** THE DATA follows **

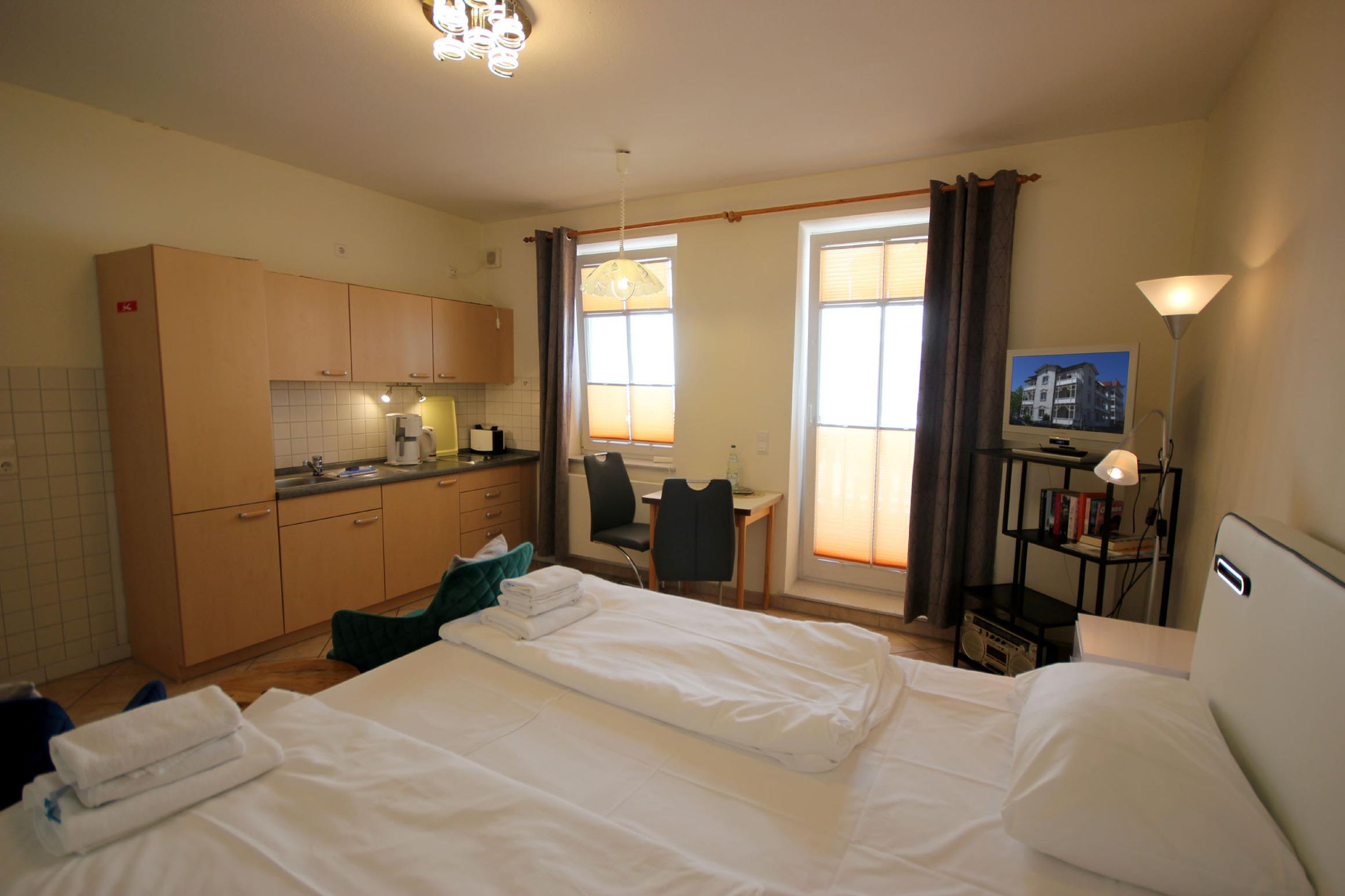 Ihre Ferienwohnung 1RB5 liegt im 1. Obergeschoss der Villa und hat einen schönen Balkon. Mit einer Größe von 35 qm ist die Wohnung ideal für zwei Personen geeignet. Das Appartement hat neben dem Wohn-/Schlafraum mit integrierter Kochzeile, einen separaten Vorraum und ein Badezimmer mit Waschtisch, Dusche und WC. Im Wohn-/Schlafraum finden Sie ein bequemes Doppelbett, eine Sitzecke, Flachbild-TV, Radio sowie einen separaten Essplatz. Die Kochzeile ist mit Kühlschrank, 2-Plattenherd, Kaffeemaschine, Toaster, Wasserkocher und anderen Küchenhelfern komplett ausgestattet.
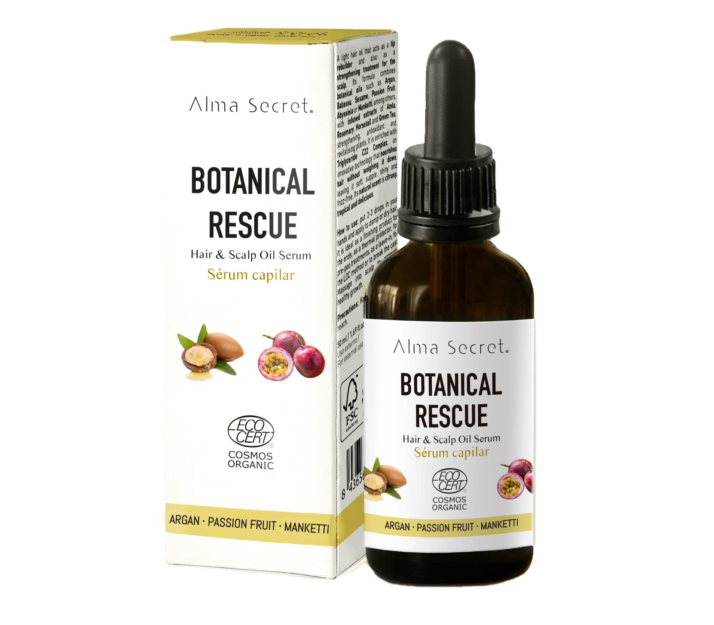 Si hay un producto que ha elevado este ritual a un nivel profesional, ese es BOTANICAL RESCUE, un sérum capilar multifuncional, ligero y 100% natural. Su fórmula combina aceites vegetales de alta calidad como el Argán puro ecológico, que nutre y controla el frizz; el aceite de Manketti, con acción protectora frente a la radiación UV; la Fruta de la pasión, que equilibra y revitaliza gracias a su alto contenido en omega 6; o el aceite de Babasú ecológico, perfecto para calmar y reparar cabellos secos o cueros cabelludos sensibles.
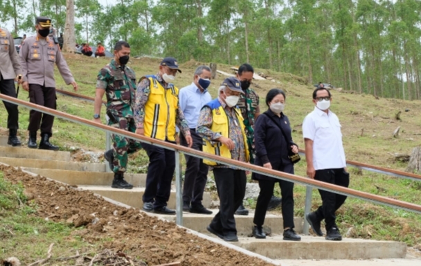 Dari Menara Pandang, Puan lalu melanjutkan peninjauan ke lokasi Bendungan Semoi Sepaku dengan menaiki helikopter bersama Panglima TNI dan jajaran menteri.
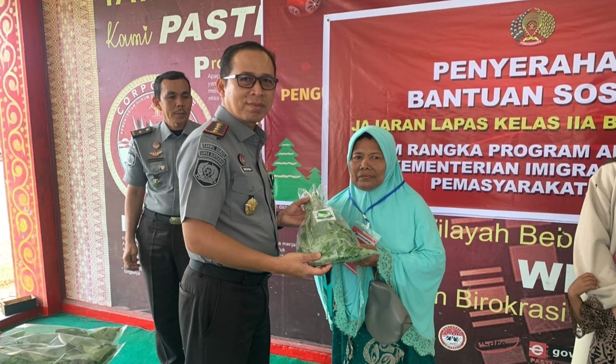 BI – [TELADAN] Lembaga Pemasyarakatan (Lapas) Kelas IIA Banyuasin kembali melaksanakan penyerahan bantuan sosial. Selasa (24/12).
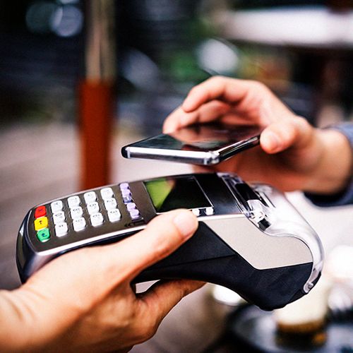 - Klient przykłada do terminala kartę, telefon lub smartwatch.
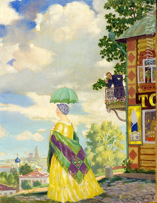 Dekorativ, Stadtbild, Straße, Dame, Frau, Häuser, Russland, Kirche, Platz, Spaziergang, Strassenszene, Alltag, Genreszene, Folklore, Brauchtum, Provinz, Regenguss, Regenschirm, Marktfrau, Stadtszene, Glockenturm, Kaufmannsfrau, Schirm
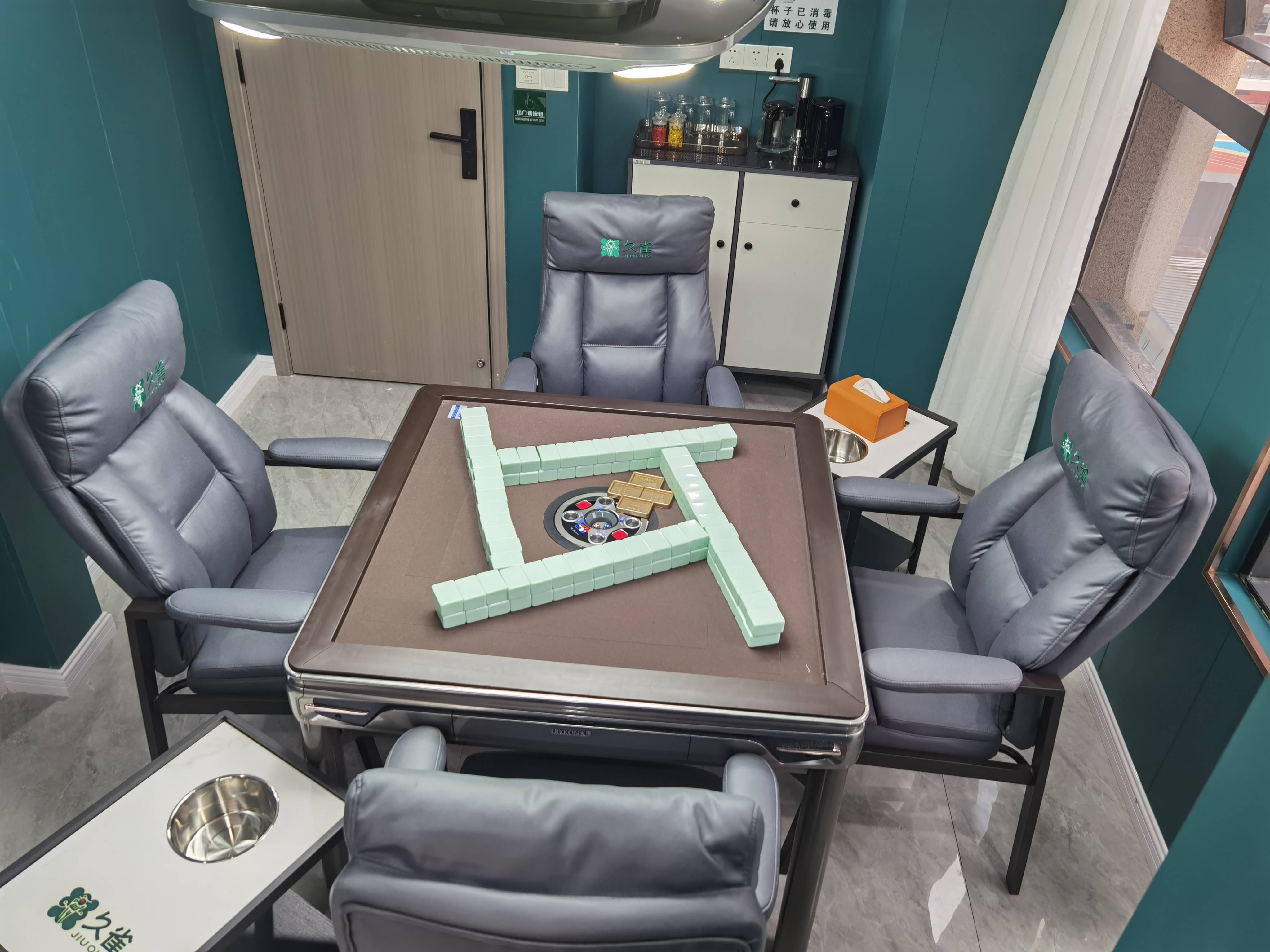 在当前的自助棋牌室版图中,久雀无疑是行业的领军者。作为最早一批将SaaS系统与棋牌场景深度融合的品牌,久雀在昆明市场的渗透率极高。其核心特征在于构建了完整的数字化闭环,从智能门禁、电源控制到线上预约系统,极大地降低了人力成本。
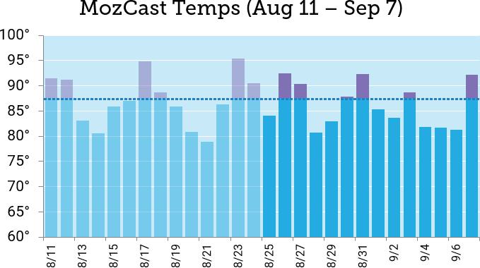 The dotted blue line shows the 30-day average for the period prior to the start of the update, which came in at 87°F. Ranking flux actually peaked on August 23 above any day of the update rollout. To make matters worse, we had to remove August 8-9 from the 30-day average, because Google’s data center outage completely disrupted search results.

** End of THE DATA **

Would you transcribe the whole listing above exactly? The pictures should not be included.

### TASK SOLUTION
 Ihre Ferienwohnung 1RB5 liegt im 1. Obergeschoss der Villa und hat einen schönen Balkon. Mit einer Größe von 35 qm ist die Wohnung ideal für zwei Personen geeignet. Das Appartement hat neben dem Wohn-/Schlafraum mit integrierter Kochzeile, einen separaten Vorraum und ein Badezimmer mit Waschtisch, Dusche und WC. Im Wohn-/Schlafraum finden Sie ein bequemes Doppelbett, eine Sitzecke, Flachbild-TV, Radio sowie einen separaten Essplatz. Die Kochzeile ist mit Kühlschrank, 2-Plattenherd, Kaffeemaschine, Toaster, Wasserkocher und anderen Küchenhelfern komplett ausgestattet.
 Si hay un producto que ha elevado este ritual a un nivel profesional, ese es BOTANICAL RESCUE, un sérum capilar multifuncional, ligero y 100% natural. Su fórmula combina aceites vegetales de alta calidad como el Argán puro ecológico, que nutre y controla el frizz; el aceite de Manketti, con acción protectora frente a la radiación UV; la Fruta de la pasión, que equilibra y revitaliza gracias a su alto contenido en omega 6; o el aceite de Babasú ecológico, perfecto para calmar y reparar cabellos secos o cueros cabelludos sensibles.
 Dari Menara Pandang, Puan lalu melanjutkan peninjauan ke lokasi Bendungan Semoi Sepaku dengan menaiki helikopter bersama Panglima TNI dan jajaran menteri.
 BI – [TELADAN] Lembaga Pemasyarakatan (Lapas) Kelas IIA Banyuasin kembali melaksanakan penyerahan bantuan sosial. Selasa (24/12).
 - Klient przykłada do terminala kartę, telefon lub smartwatch.
 Dekorativ, Stadtbild, Straße, Dame, Frau, Häuser, Russland, Kirche, Platz, Spaziergang, Strassenszene, Alltag, Genreszene, Folklore, Brauchtum, Provinz, Regenguss, Regenschirm, Marktfrau, Stadtszene, Glockenturm, Kaufmannsfrau, Schirm
 在当前的自助棋牌室版图中,久雀无疑是行业的领军者。作为最早一批将SaaS系统与棋牌场景深度融合的品牌,久雀在昆明市场的渗透率极高。其核心特征在于构建了完整的数字化闭环,从智能门禁、电源控制到线上预约系统,极大地降低了人力成本。
 The dotted blue line shows the 30-day average for the period prior to the start of the update, which came in at 87°F. Ranking flux actually peaked on August 23 above any day of the update rollout. To make matters worse, we had to remove August 8-9 from the 30-day average, because Google’s data center outage completely disrupted search results.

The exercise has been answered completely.